What does this slogan mean? Who are the ‘Epstein class’? And what does this all have to do with communism?
Unfolding scandal
The term ‘Epstein class’ is not one invented by any revolutionary or left-winger, but one that has emerged organically in the minds of millions of ordinary people, in the USA and worldwide, off the back of perhaps the biggest scandal in the history of capitalism.
The full extent of this scandal is still not known. Only a fraction of the Epstein files have been released. Millions of pages of documents remain in the hands of the (ironically named) US Department of Justice. And even then, amongst the hefty tranche that is available to the public, many key names and details have been redacted.
Furthermore, there is of course much of this horrific scandal that will never be known; all manner of sordid secrets that were not recorded in writing, in picture, or on video. What is documented and visible could well be just the tip of the iceberg.
The Epstein scandal has far from run its course. As Keir Starmer’s ongoing trouble shows, it has the potential to accelerate the downfall of further important figures yet.
We may never find out how far this shameful story goes. Nevertheless, we already know enough. It is clear that the international elites are completely embroiled and implicated in Jeffrey Epstein’s crimes. Almost no part of the capitalist establishment – in America, in Britain, and globally – remains untouched or untainted by these atrocities.

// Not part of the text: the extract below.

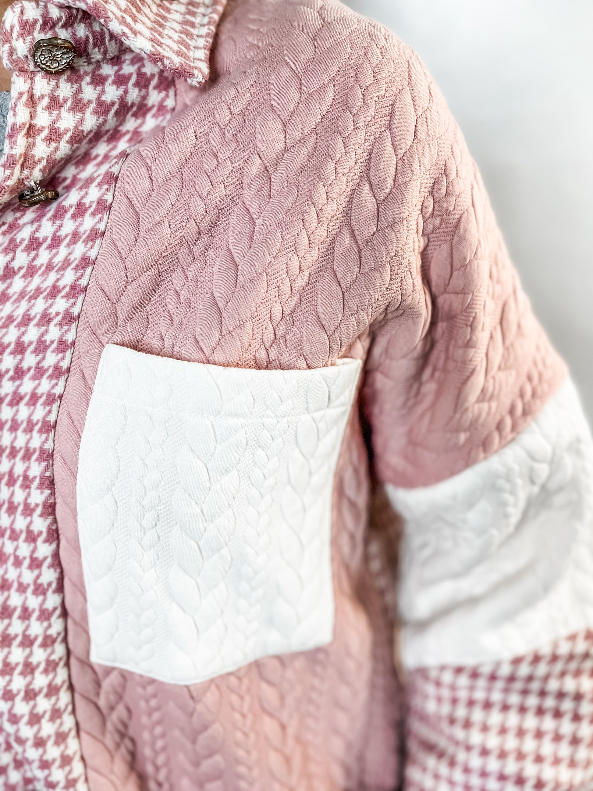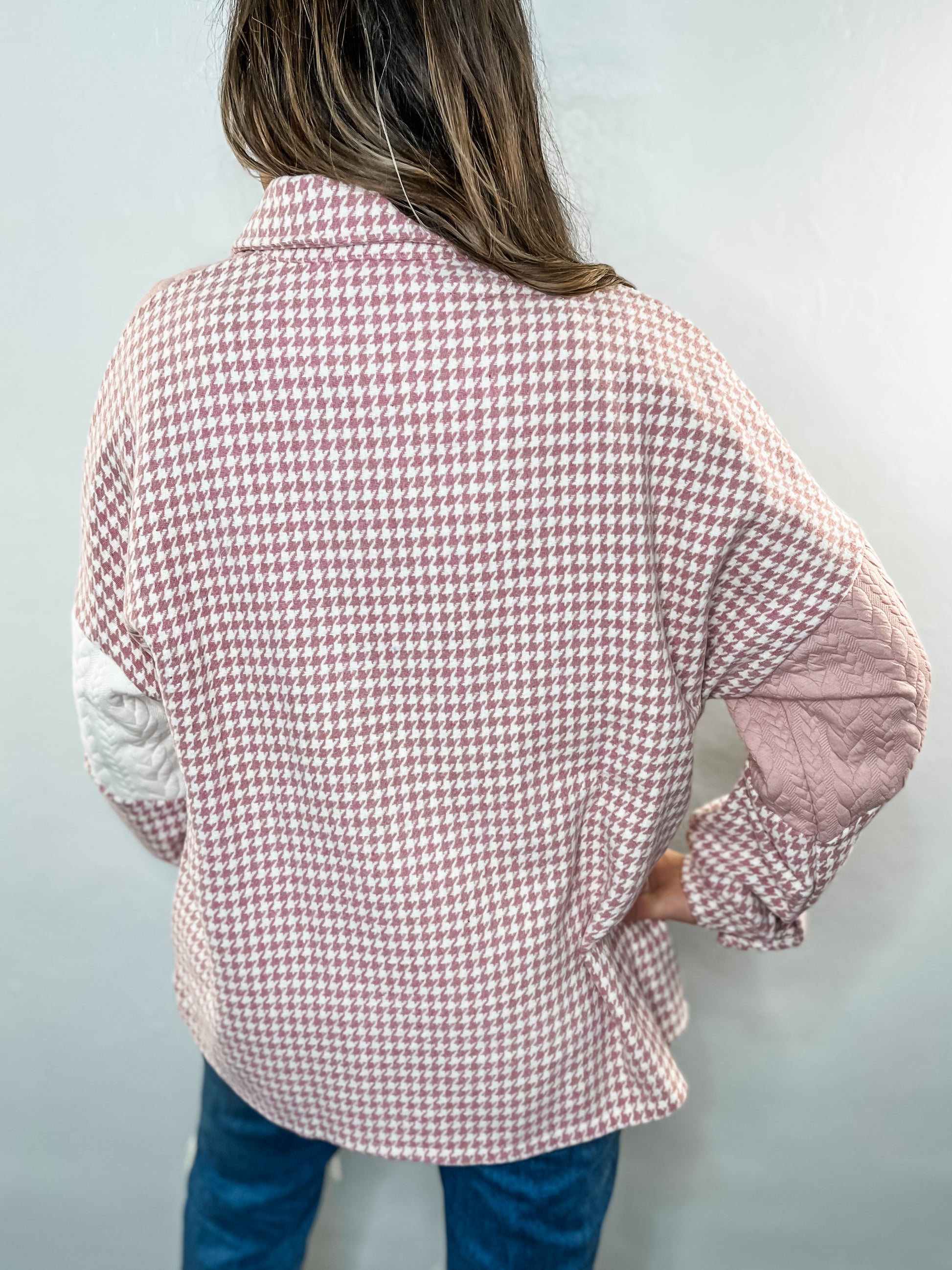 Make a statement in our Pink Houndstooth Patchwork Shacket! This playful blend of patterns brings bold, classic houndstooth together with a fresh pink twist, creating a chic, eye-catching look. Perfect for layering over anything, this shacket adds a cozy yet fashionable touch to your outfit. Whether you're out for a stroll or meeting friends, this unique piece will have you turning heads with every step!

The correspondence and images released so far are already damning. The trafficking of vulnerable young women and girls. The dodgy dealings between the rich and powerful. The exchange of insider information for the benefit of Wall Street bankers.
All this, and more, is now out in the open – sullying the reputation not only of Epstein, but of many supposedly respectable representatives of the capitalist class also. And more disgusting details and incriminating evidence could still be revealed in the months and years ahead.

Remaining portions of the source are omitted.